Work to complete: Take the lines in the listing below from the line with "Деревянный лось, конус" up to and including the line with "The PS186 is" and set them down exactly, skipping pictures and adding nothing.

Dataset extract:
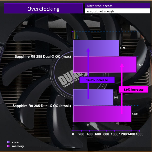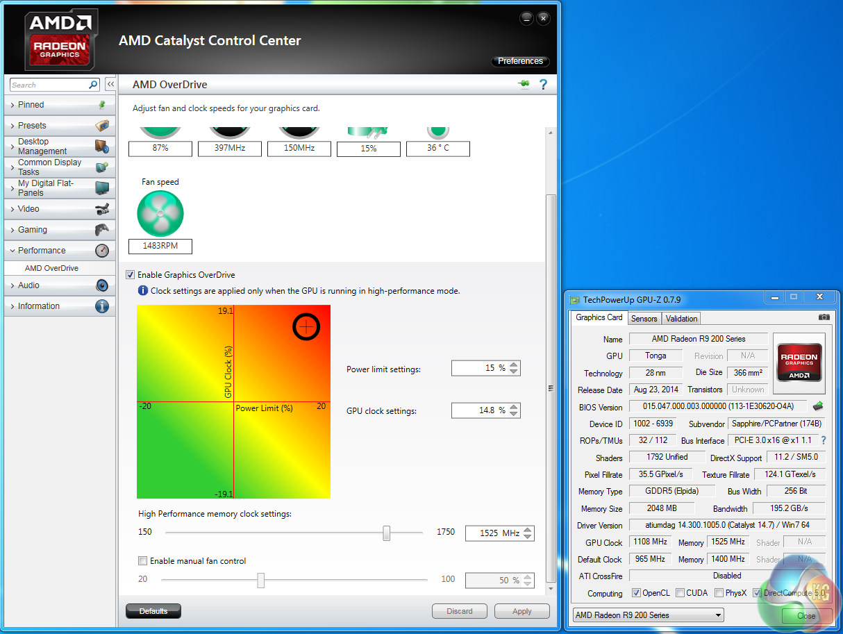 The card responded very well to overclocking – hitting 1,108mhz (14.8%) before instability would occur. This is around 50mhz more than the ASUS R9 285 Strix sample which we reviewed earlier this week.
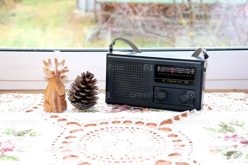 Деревянный лось, конус и старая советская радиола на вязаной салфетке
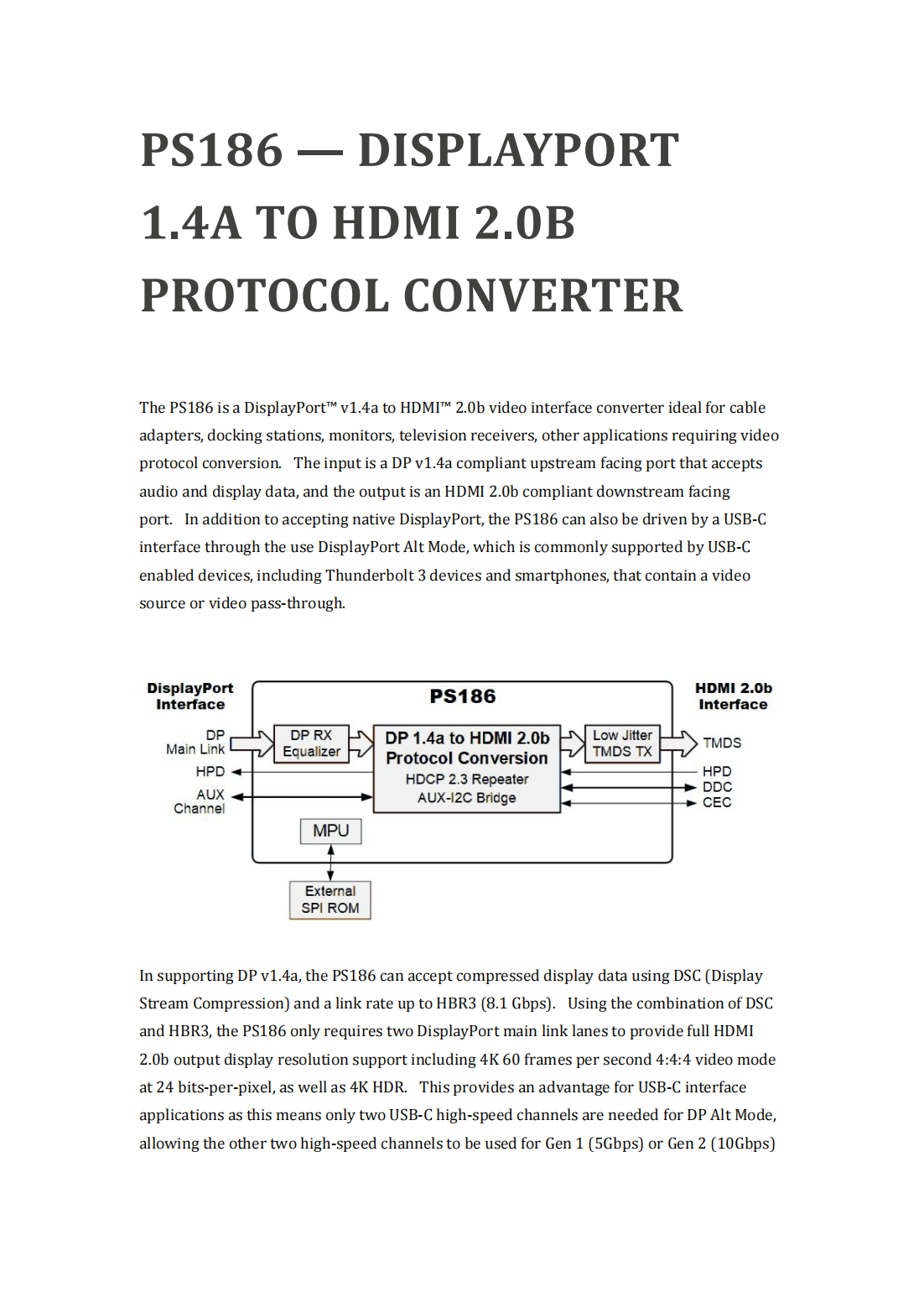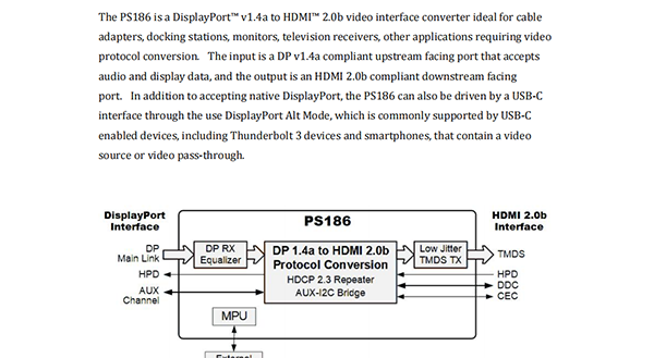 The PS186 is a DisplayPort™ v1.4a to HDMI™ 2.0b video interface converter ideal for cable adapters, docking stations, monitors, television receivers, other applications requiring video protocol conversion
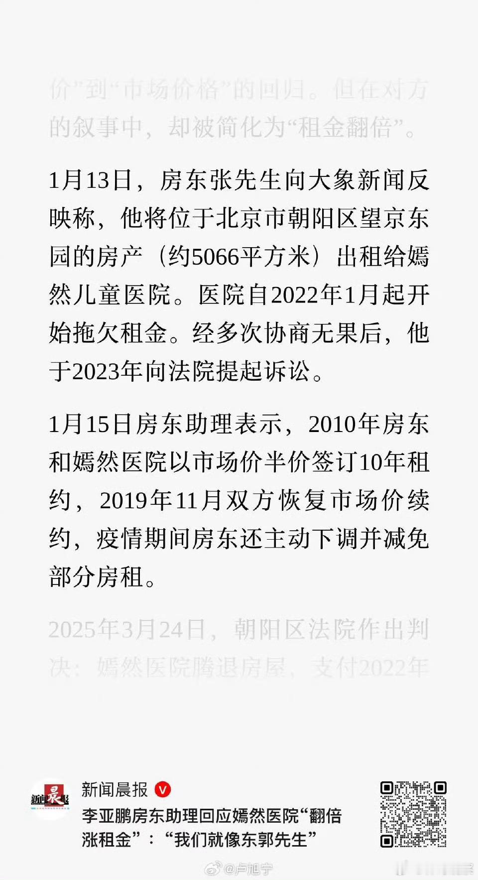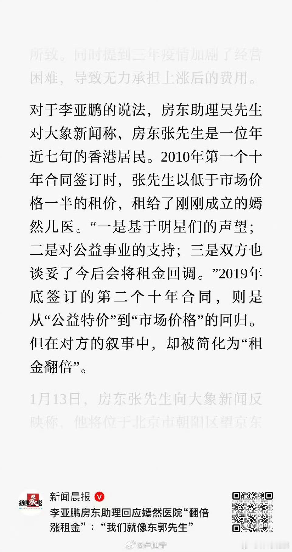 李亚鹏的房东也发声了:房东张先生是一位年近七旬的香港居民。2010年第一个十年合同签订时,张先生以低于市场价格一半的租价,租给了刚刚成立的嫣然儿医。"一是基于明星们的声望;二是对公益事业的支持;三是双方也谈妥了今后会将租金回调。"2019年底签订的第二个十年合同,则是从"公益特价"到"市场价格"的回归。但在对方的叙事中,却被简化为"租金翻倍"。1月13日,房东张先生向大 2010年房东和嫣然医院以市场价半价签订10年租约,2019年11月双方恢复市场价续约,疫情期间房东还主动下调并减免部分房租。李亚鹏

Solution for this task:
 Деревянный лось, конус и старая советская радиола на вязаной салфетке
 The PS186 is a DisplayPort™ v1.4a to HDMI™ 2.0b video interface converter ideal for cable adapters, docking stations, monitors, television receivers, other applications requiring video protocol conversion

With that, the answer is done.